Netrunner, the after-effect

> Journal Entry 03

This time I want to go away from the normal discussions I make around video games and public perception and talk about something more fun and intuitive (in a way), board games. Board games are what I’ve always fan-girled about since I was 5 or something. Netrunner was the epitome of my journey in board gaming with my recent 2nd place in the 2015 Belgian Nationals with some totally rogue decks.

Board games have always given me that satisfaction that just nothing else would. It gives you enough social interaction to make it acceptable as something not entirely nerdy and enough RNG-factors therewith to make it fun for just about everyone. That is the case with chess though, you can’t really have “fun” playing it on a really competitive level or enjoy it against less experienced players.

To get you into the whole matter, I have to begin with some more historical facts rather than cut straight to the point, you would be confused otherwise. I started out with playing anything my brothers would drop in front of me, be it the Pokemon TCG or Magic the Gathering, at first and some more complex board games later. My brother, Nikos Christakis, is an avid board gamer with more than 200 board games in his collection right now and does a lot of translations for the rules in Greek for many board games. He was also one of the reasons of why I got into board games so much. When he moved out of the house, I was one sad mofo since I had to visit him at his place which was 1 hour away to play any kind of game and that was quite hard without a driver’s license. I’m happy for him though, since he enjoys playing with his wife, his sister-in-law and her husband too. He also has a beautiful son who I’m certain one day will be beating his butt in every single one of the board games he owns.

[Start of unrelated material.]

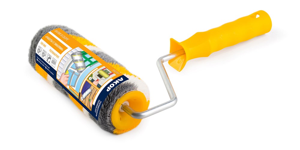 Валик 180 мм полиакрил d48 мм, бюгель 8 мм, ворс12 мм,желтый/серый/белый АКОР«МАСТЕР»(28шт/уп)ЭМАЛЬ

My brother is a brilliant person (both of my brothers are), but specifically Nikos is the definite example of the “hard to beat” kind of player. Anything he would try for the first or the 1000th time he would be inexpicably good at and would thus be frustrating to keep losing from him. Since the time we first made our own Pokemon decks and went head to head day after day, I would lose every time to his stupid Misty deck (fuck Staryu and Starmie, seriously..). That though, made me get used to losing and even more taught me how to lose properly. I am a terrible winner for that reason though, I rarely ever won so I became one cocky fucker when I finally started winning.

So back to board games, there is not much to say other than the fact that I generally enjoy them because of the social as well as the strategic value they have. But I’m the kind of player that just adapts quickly and understands it fast enough to beat everyone else in the first 3-4 games. So I’m more the “element of surprise” kind of player rather than the meta player who knows how to pilot all the strategies in a flawless way. So as soon as someone has 20 games in, he will just be better than me after that and beat me. So, enter Netrunner.

Netrunner is probably, THE best board/card game I’ve ever played without any doubt and there are lots of reasons to explain that. Leigh and Quinns explain those reasons very well through their article on So I don’t have to explain much about it. Other than the fact that the game is mostly appealing because of its assymetrical gameplay between the Corp player (the corporation player) and the Runner player (the hacker player) as well as the fact that each side has different factions with different IDs to pick from thus allowing for a lot of expression through gameplay and deckbuilding.

The game is based on deckbuilding as much as it is on being able to play the decks against anything you might be facing. You understand that with so many IDs and cards out there (about 736 cards available right now) you can make all kinds of combinations thus meaning that you have to “tech” against certain combos and prepare yourself to face anything. Making a deck that works against everything is almost impossible and that’s where the “piloting” comes into play. Being a skilled Netrunner player with lots of knowledge of what you can face is quite important since it allows you to protect yourself from pretty much anything that might come your way. Anticipation and intuition are two of the most important things you need to have as a Netrunner player.

But let’s dig a bit deeper. The expression that the factions allow you to have is something that is reflected through the gamestyle of each faction (and ID in advance). My personal favourite, the Jinteki faction, which focuses on doing net damage and playing mind-games is totally different from how the HB faction plays for example, since it’s more hostile and more of a high-risk oriented kind of game style. It was back in 2013 when I walked in the Rotterdam board game store (Gamers of the West) and I asked some guys if they are up for some board games, they were all playing Netrunner. They asked me if I play Netrunner and I said “yeah, I got some cards, never played more than 3-4 times though.” So they sat me down and I got to play against Dean, who was the most scary Jinteki guy for quite a while. As I explain in my article of how to play Jinteki (Kelf’s Neural Secrets), I got to the point where I was able to beat Dean and get better (if I say so myself) to the point where I could play my Jinteki decks competitively.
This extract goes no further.